Arcs and Angles of Circles
Jenni McIntire and Teresa Davis
This lab is to explore central angles and inscribed angles
and there intercepted arcs.
A central angle is an angle formed by two radii.
A central
angle's vertex is on the center of the circle.
An inscribed angle is an angle whose vertex
is on the
circle and whose sides intercept the circle.
Investigation:
In Sketchpad, make the
following construction.
- Construct circle A.
- Construct points C and D on the circle and construct the
radii AC and AD.
- Construct point E on the circle and move it so that it is
on the exterior of the central angle CAD.
- Construct the chords CE and CE to create the inscribed angle
CED
- Measure the central angle and the inscribed angle and the
minor arc CD (arc CD is called the intercepted arc).
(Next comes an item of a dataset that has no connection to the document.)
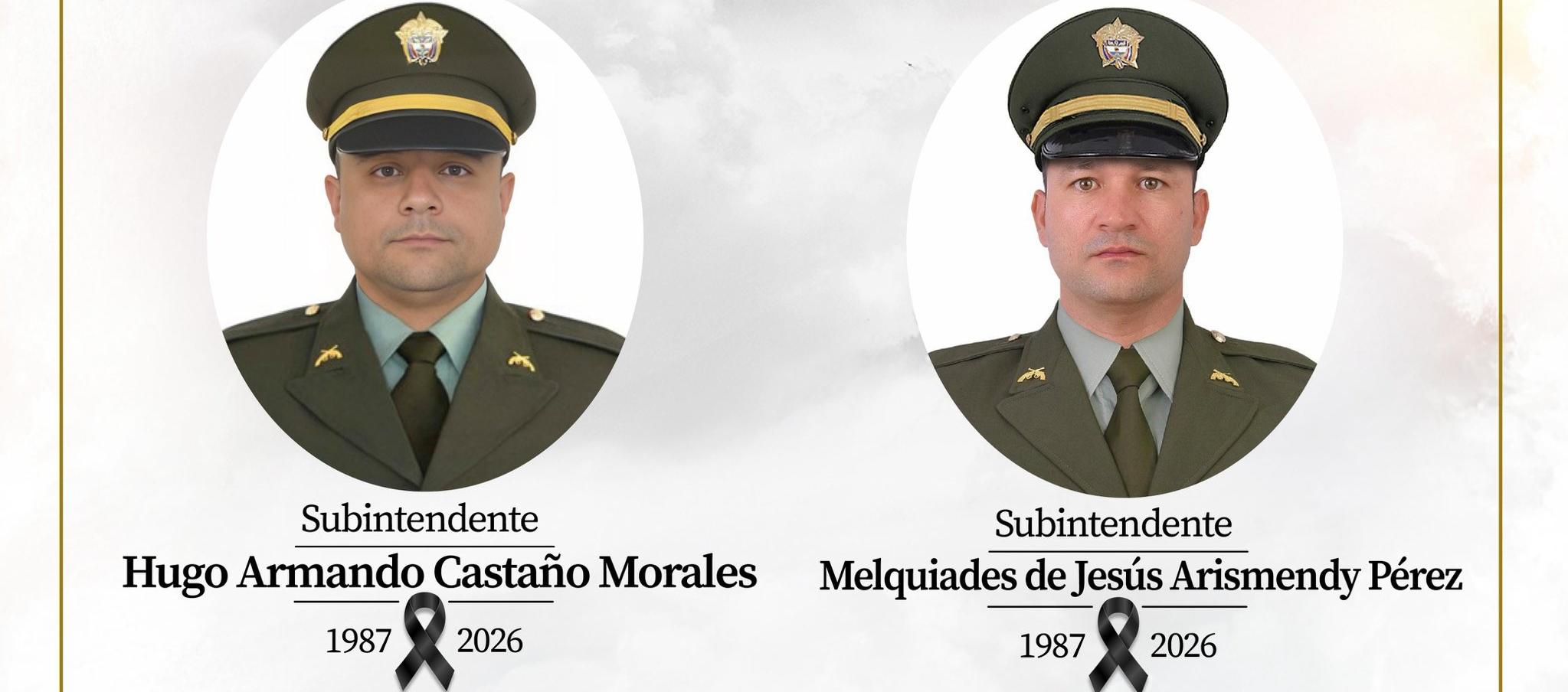 Las víctimas fueron identificadas como Hugo Armando Castaño Morales y Melquiades de Jesús Arismendy Pérez, ambos de 39 años. Así lo confirmó el director de la Policía Nacional, general William Rincón, quien informó que los uniformados fueron atacados con armas de largo alcance mientras cumplían funciones oficiales.
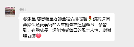 多次参与香港文化艺术交流中心活动的王海燕幸福的表示:“我因音乐与中心结缘,这次跟着团队走进营口,既感受到香港团队互帮互助的温暖氛围,也被营口艺术家们的豪爽热情所感染。子媛老师、陈瑜老师搭建的这个交流平台太有意义了,还有指挥和乐队老师展现出的工匠精神,都让我在提升声乐技巧的同时,更深刻地理解了‘文化交融’的意义,特别期待下次还能参与这样的活动。”

What is the relationship between the central angle and its
inercepted arc? Move point C or D to see the relationship between
the inscribed angle and its intercepted arc. What conjectures
can you make
Investigation:
In Sketchpad, make the
following construction.
- Construct circle A with diameter BC.
- Construct a point D on the circle and chords BD and CD.
- Measure the angle BDC.
Move point D around the circle. What do you notice about the
measure of the angle? Can you explain why this is so?
Investigation:
In Sketchpad, make the
following construction.
Construct circle A.
Construct secant CD where C and D are on the circle.
Construct point E on the circle and a line through E parallel
to CD.
Construct the point of intersection of the new line and the
circle and label it F.
Measure the arcs detween the parallel lines.
What do you notice about these measures? What conjecture can
you make about the arcs between parallel lines? Move the points
around, does your conjectur always remain true?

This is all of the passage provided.